RECEPTION OF PUGACHEV''S IMAGE IN THE WORKS OF RUSSIAN AVANT-GARDE OF THE EARLY 20TH CENTURY

We consider the reception of Pugachev's image in the works of Russian avant-garde poets of the early 20th century. The object of the research are poetic texts by N. Aseev, V. Khlebnikov and V. Kamensky's poem. The aim of this work was to identify the peculiarities of the image of Emelyan Pugachev in the literary texts of the early twentieth century. The methodology used for the analysis of specific texts is based on the cultural-historical, structural-typological, comparative and integrated approaches. The study shows that the image of Pugachev since the 19th century was firmly embedded in archetypal patterns not only in the folklore works (which was obvious), but also in the texts of fiction. It is concluded that the events that took place in Russia in the early 20th century contributed to the inclusion of Pugachev's image in the ideological paradigm with the intention to show the continuity of the revolutionary process in the depths of the Russian Empire and to justify the horrors of the civil war.

Текст научной работы на тему «Рецепция образа Пугачева в произведениях русского авангарда начала XX века»

Филология

Вестник Нижегородского университета им. Н.И. Лобачевского, 2018, № 3, с. 178-183

УДК 821.161.1

РЕЦЕПЦИЯ ОБРАЗА ПУГАЧЕВА В ПРОИЗВЕДЕНИЯХ РУССКОГО АВАНГАРДА НАЧАЛА XX ВЕКА

© 2018 г. Е.В. Болнова

Нижегородский государственный университет им. Н.И. Лобачевского, Н. Новгород

[email protected]

Поступила в редакцию 18.11.2017

Объектом исследования являются стихотворные тексты Н. Асеева, В. Хлебникова, а также поэма В. Каменского. Цель работы - выявление особенностей функционирования образа Емельяна Пугачева в художественных текстах начала XX века. Методологические установки, предопределяющие анализ конкретных текстов, соотносятся с культурно-историческим, структурно-типологическим, компаративистским и комплексным подходами. Как показало исследование, уже в XIX веке образ Пугачева прочно встраивается в архетипические модели не только в фольклорных произведениях, что очевидно, но и в текстах художественной литературы. Делается вывод о том, что события, происходившие в России в начале XX века, способствовали тому, что образ Пугачева включился в идеологическую парадигму, призванную показать непрерывность революционного процесса в недрах Российской империи и оправдать ужасы гражданской войны.

Ключевые слова: Емельян Пугачев, «Капитанская дочка», авангард, Н. Асеев, В. Хлебников, В. Каменский.
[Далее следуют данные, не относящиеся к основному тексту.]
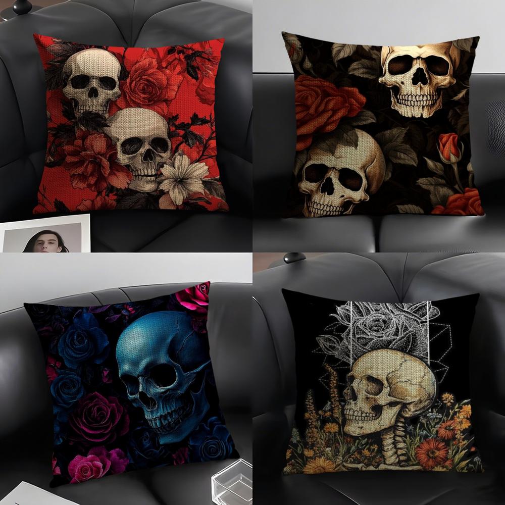 Luxurious Skull Pattern Cushion Cover Natural Linen Organic Fabric DoubleSided Printing Sofa Home Decor Breathable
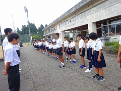 ↑ 中学生と小学生が力を合わせて一緒にあいさつが広まるように、頑張りましょう。ありがとうございました。
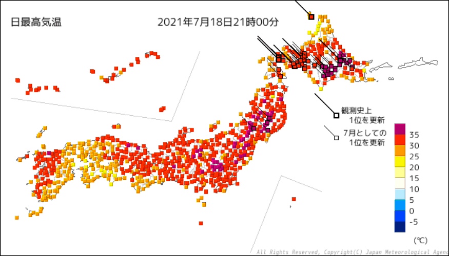 Températures maximales relevées au Japon le 18 juillet 2021 – JMA
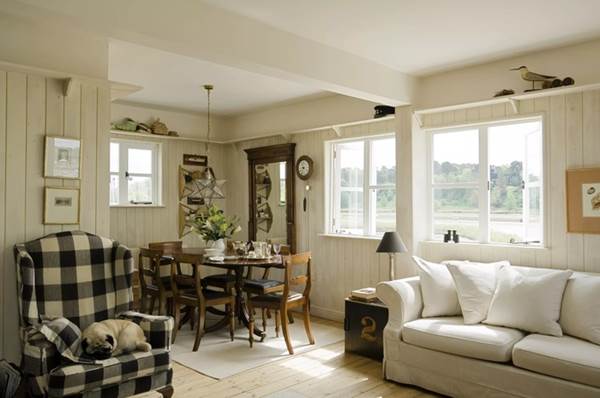 Ngôi nhà kiểu Scotland duyên dáng này có phòng khách kết hợp bếp theo phong cách mở. Phòng khách có 2 ghế sofa in họa tiết kẻ caro màu trắng và be, kết hợp cùng bàn cà phê gỗ tròn mộc mạc cạnh lò sưởi ấm cúng. Khu vực ăn uống cách bàn khách chỉ độ vài bước chân, bài trí bằng bàn ăn gỗ ấm áp và ghế gỗ kiểu đồng quê đơn giản, hài hòa với tông màu vàng và màu be của căn phòng.
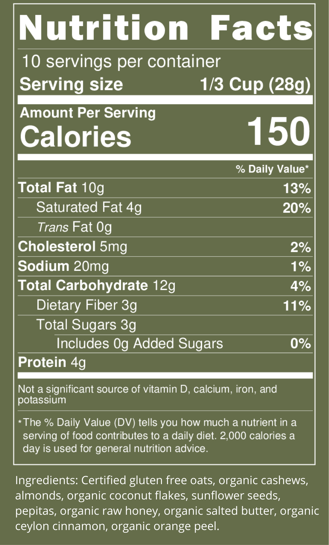 Ingredients: Certified gluten free oats, organic cashews, almonds, organic coconut flakes, sunflower seeds, pepitas, organic raw honey, organic salted butter, organic ceylon cinnamon, organic orange peel.
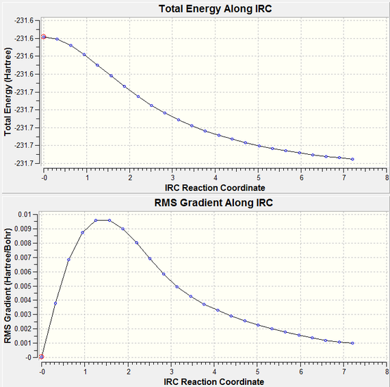 As we can see, this is clearly not the correct structure for the transition state. The QST2 calculation will generate the transition state purely by the linear movement of atoms and groups, it will not take into account the rotation of groups about a bond. For the sake of completeness, I ran the IRC calculation for the wrong boat transition state just to see what the results were like.
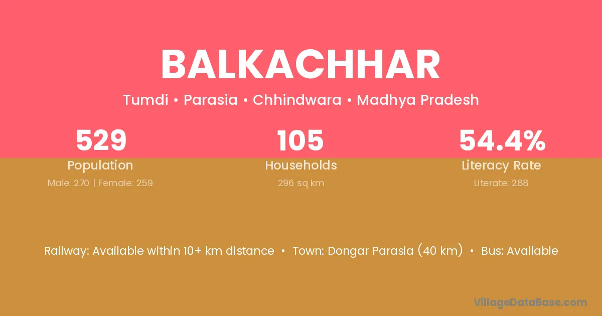 Dongar Parasia (40 km) is the nearest town to Balkachhar village for major economic activities and is located approximately 40 km away.

Интерес к образу Емельяна Пугачева в русской литературе объясняется двумя самоочевидными причинами: стремлением осмыслить механизмы движения национальной истории и вниманием к крайне специфическому для русского менталитета образу, восходящему сразу к нескольким архетипическим моделям: благородного разбойника, бунтаря, трикстера, спящего короля и т. д. Закономерно, что радикальный сдвиг социально-общественной и культурной парадигмы, произошедший в России после Октябрьской революции 1917 года, вызвал необходимость его художественного осмысления, невозможного без встраивания в какую-либо существующую архетипическую модель. Восстание Емельяна Пугачева становится тем историческим материалом - при этом достаточно художественно обработанным, чтобы нести определенную оценочную семантику, который служит базисом для авторской интерпретации событий начала XX века.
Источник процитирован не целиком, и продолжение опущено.